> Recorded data
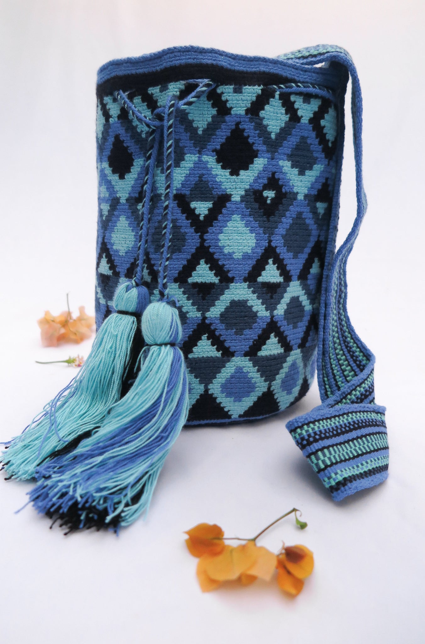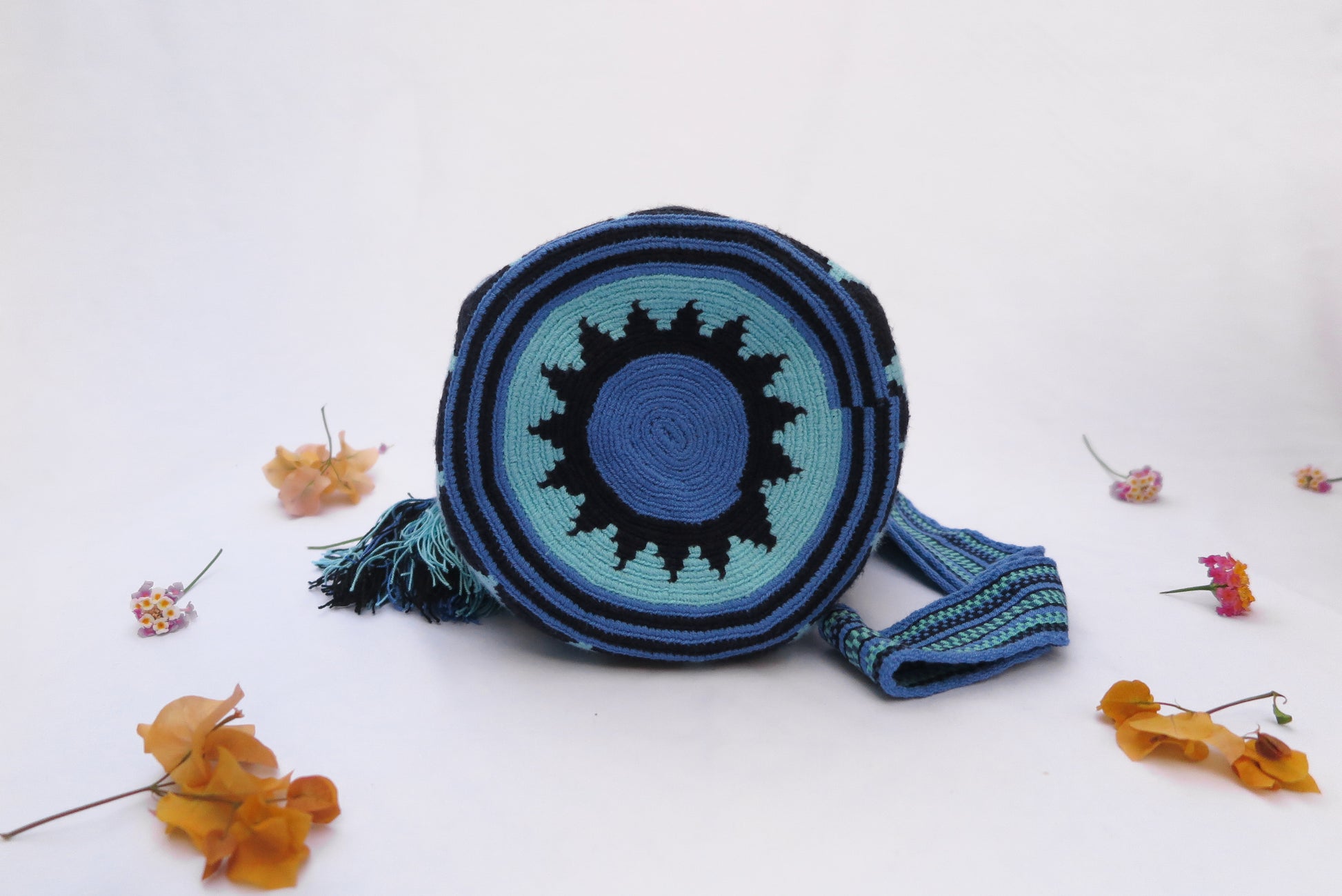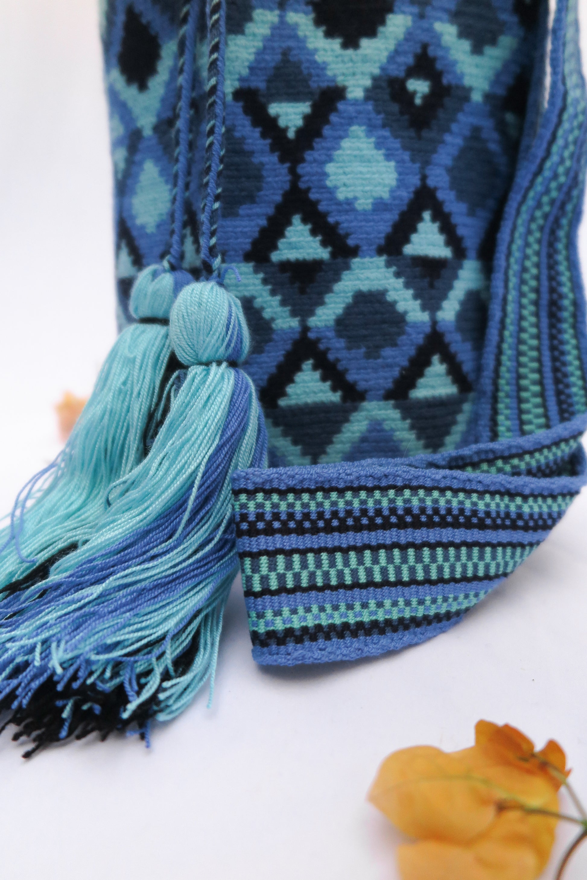 Con una elegante combinación de azul oscuro, negro, azul cielo y azul turquesa, la mochila presenta un patrón geométrico tradicional que refleja la riqueza cultural Wayuu. Los tonos profundos de azul oscuro y negro aportan fuerza y sofisticación, mientras que el azul cielo y turquesa iluminan el diseño con frescura y vitalidad. La gasa está totalmente adherida al cuerpo de la mochila, lo que aporta mayor resistencia y firmeza, ideal para quienes buscan funcionalidad sin perder el estilo auténtico de una pieza hecha a mano.
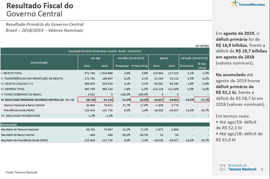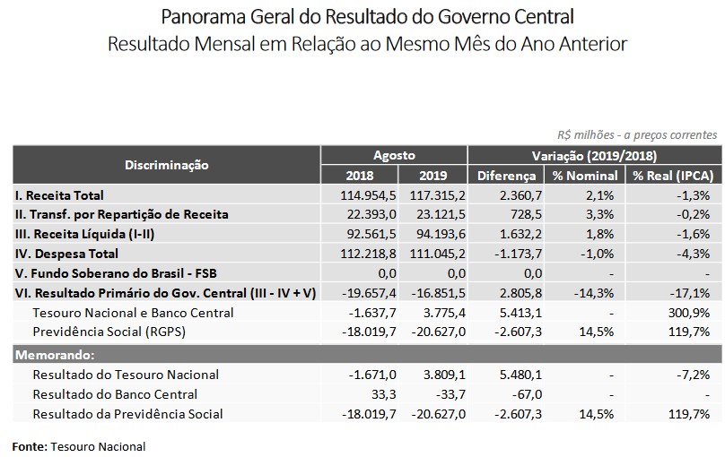Em agosto de 2019, o resultado primário do Governo Central foi um déficit de R$ 16,9 bilhões, frente ao déficit de R$ 19,7 bilhões observado no mesmo mês do ano anterior (em termos nominais).
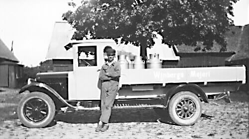 På lastbilen står det Winbergs Mejeri. På baksidan av kortet står det Chevrolet, kortet taget i början på 1930-talet i Stenastorp.
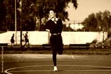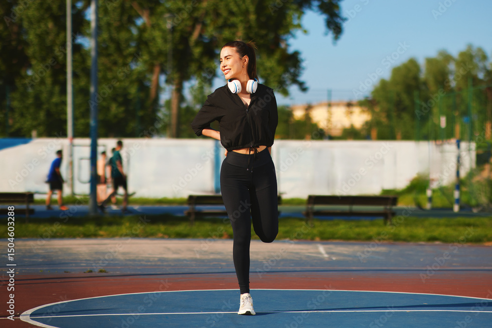 Sporty woman wearing headphones is warming up on a sports field, stretching her legs and smiling
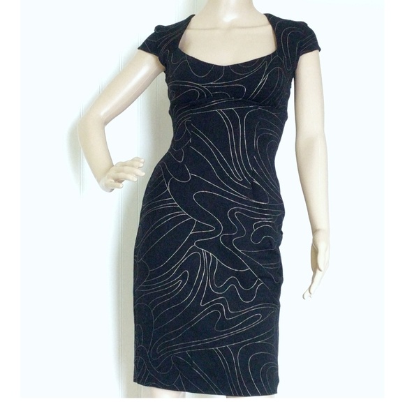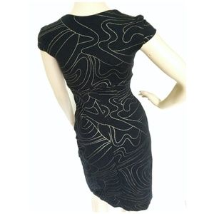 Cache Contour Collection Bodycon Dress in Black with Gold Swirl design. Size 2.
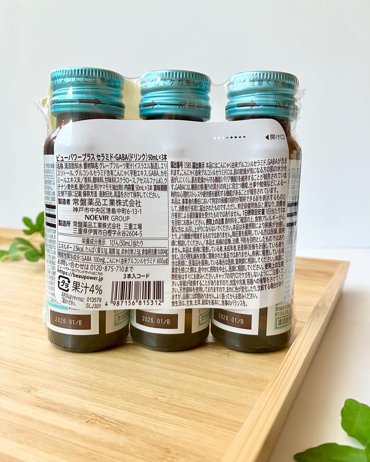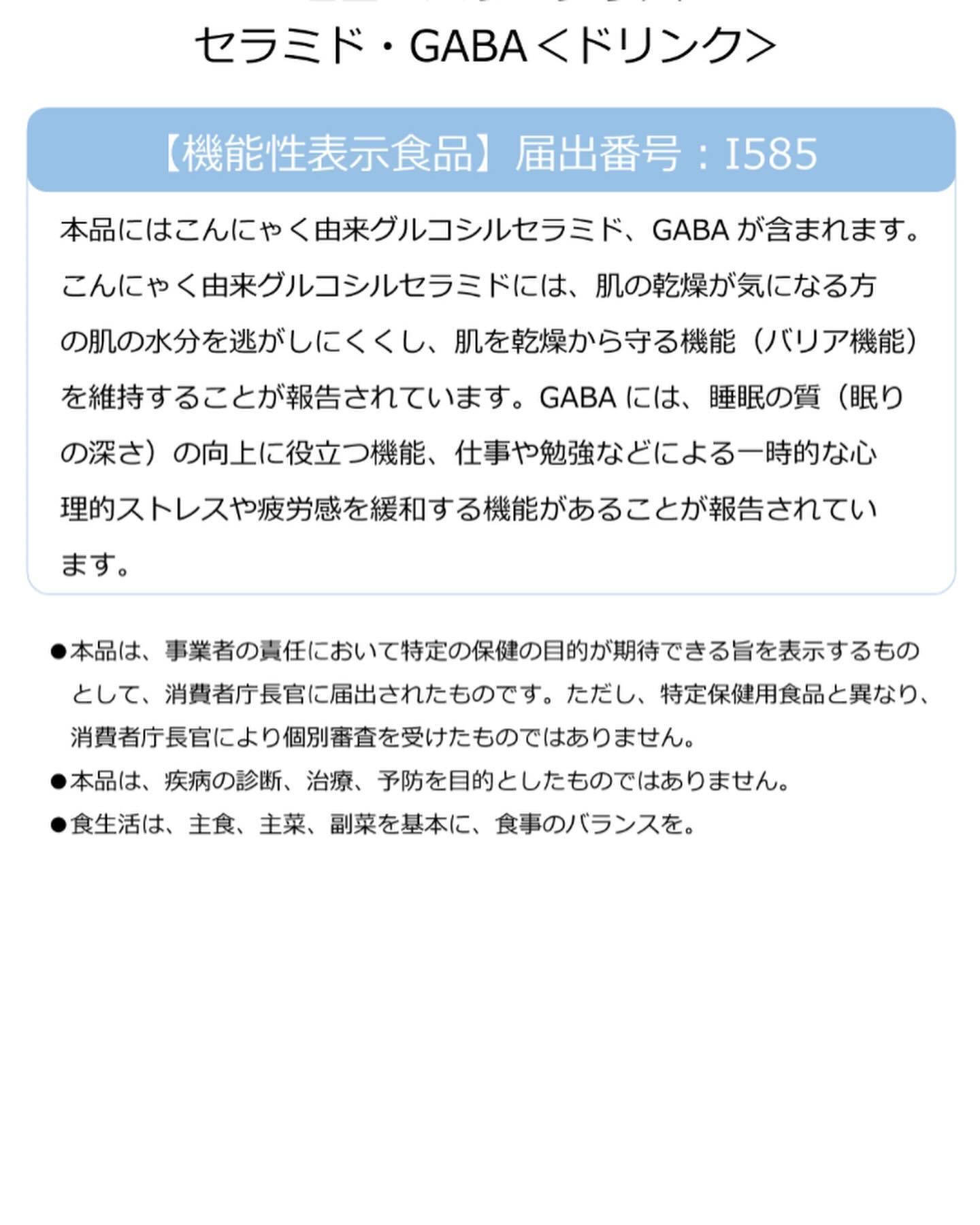 肌の乾燥が気になる方の肌の水分を逃がしにくくし、肌を乾燥から守る機能(バリア機能)を維持するこんにゃく由来グルコシルセラミド 睡眠の質(眠りの深さ)の向上に役立つ、仕事や勉強などによる一時的な心理的ストレスや疲労感を緩和するGABA お肌の潤いケアだけでなく、睡眠の質の向上をサポートなど、Wケアできるところがとても魅力的なドリンク✨
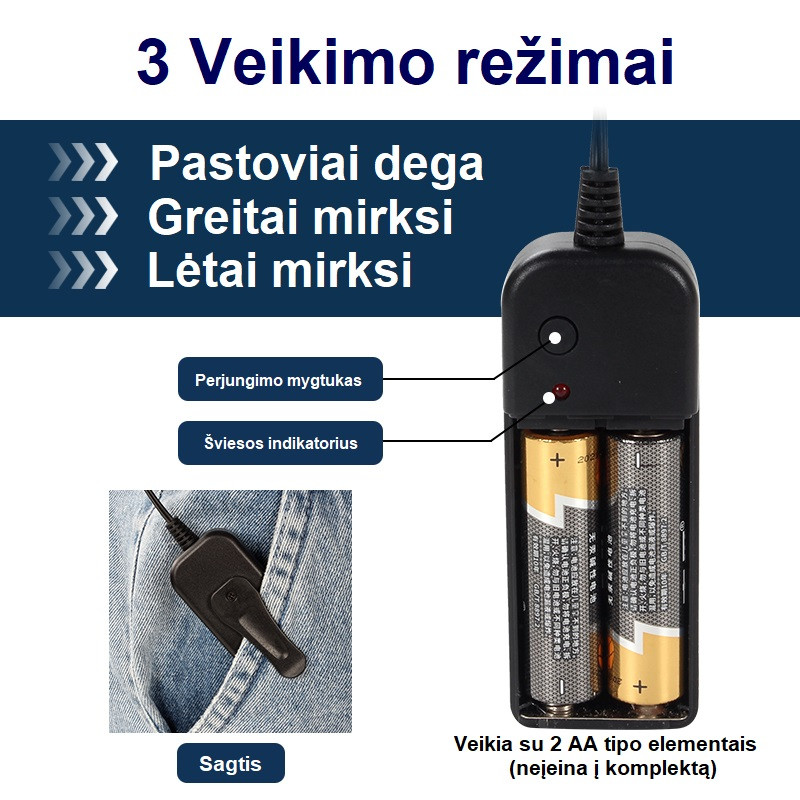 3 operating modes: steady, fast flashing, slow flashing.
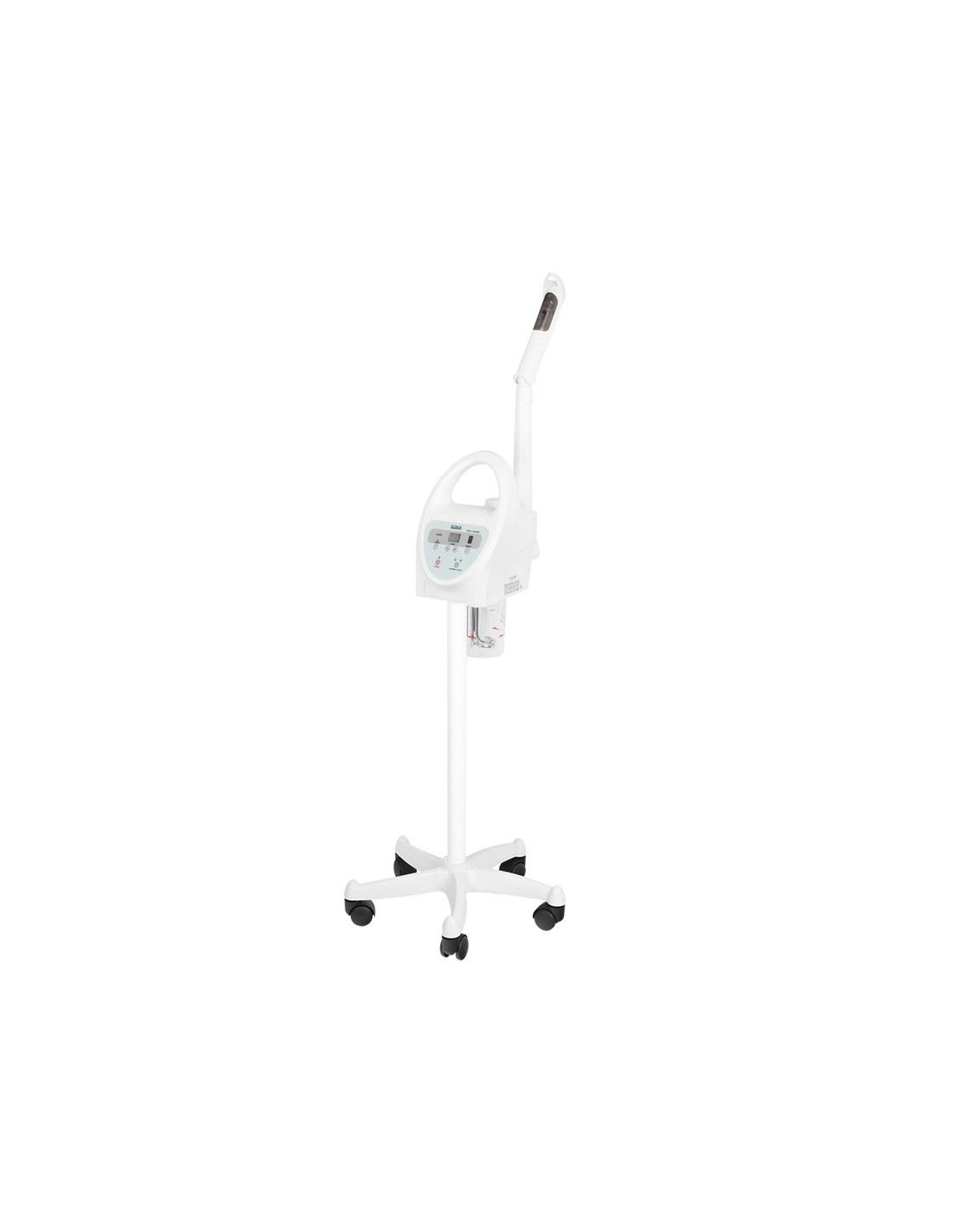 Vaposone multifunzionale con vapore caldo, aromaterapia e ozono e intensità del vapore regolabile. L'ugello del vaposone è dotato di una levetta che ci permette di dirigere il getto di vapore verso il cliente. Il vaposone è montato su un supporto. Questo dispositivo è indispensabile in ogni salone di bellezza. Dati tecnici: Treppiede a 5 bracci 5 ruote in plastica, altezza del cavalletto 78cm lunghezza ugello 67cm potenza 850 capacità 1l dimensioni della confezione: 80*38*48cm Garanzia: 2 anni

> Exercise
Leave out the pictures and print each record exactly as it stands.

> Answer for the task
 Con una elegante combinación de azul oscuro, negro, azul cielo y azul turquesa, la mochila presenta un patrón geométrico tradicional que refleja la riqueza cultural Wayuu. Los tonos profundos de azul oscuro y negro aportan fuerza y sofisticación, mientras que el azul cielo y turquesa iluminan el diseño con frescura y vitalidad. La gasa está totalmente adherida al cuerpo de la mochila, lo que aporta mayor resistencia y firmeza, ideal para quienes buscan funcionalidad sin perder el estilo auténtico de una pieza hecha a mano.
Em agosto de 2019, o resultado primário do Governo Central foi um déficit de R$ 16,9 bilhões, frente ao déficit de R$ 19,7 bilhões observado no mesmo mês do ano anterior (em termos nominais).
 På lastbilen står det Winbergs Mejeri. På baksidan av kortet står det Chevrolet, kortet taget i början på 1930-talet i Stenastorp.
 Sporty woman wearing headphones is warming up on a sports field, stretching her legs and smiling
 Cache Contour Collection Bodycon Dress in Black with Gold Swirl design. Size 2.
 肌の乾燥が気になる方の肌の水分を逃がしにくくし、肌を乾燥から守る機能(バリア機能)を維持するこんにゃく由来グルコシルセラミド 睡眠の質(眠りの深さ)の向上に役立つ、仕事や勉強などによる一時的な心理的ストレスや疲労感を緩和するGABA お肌の潤いケアだけでなく、睡眠の質の向上をサポートなど、Wケアできるところがとても魅力的なドリンク✨
 3 operating modes: steady, fast flashing, slow flashing.
 Vaposone multifunzionale con vapore caldo, aromaterapia e ozono e intensità del vapore regolabile. L'ugello del vaposone è dotato di una levetta che ci permette di dirigere il getto di vapore verso il cliente. Il vaposone è montato su un supporto. Questo dispositivo è indispensabile in ogni salone di bellezza. Dati tecnici: Treppiede a 5 bracci 5 ruote in plastica, altezza del cavalletto 78cm lunghezza ugello 67cm potenza 850 capacità 1l dimensioni della confezione: 80*38*48cm Garanzia: 2 anni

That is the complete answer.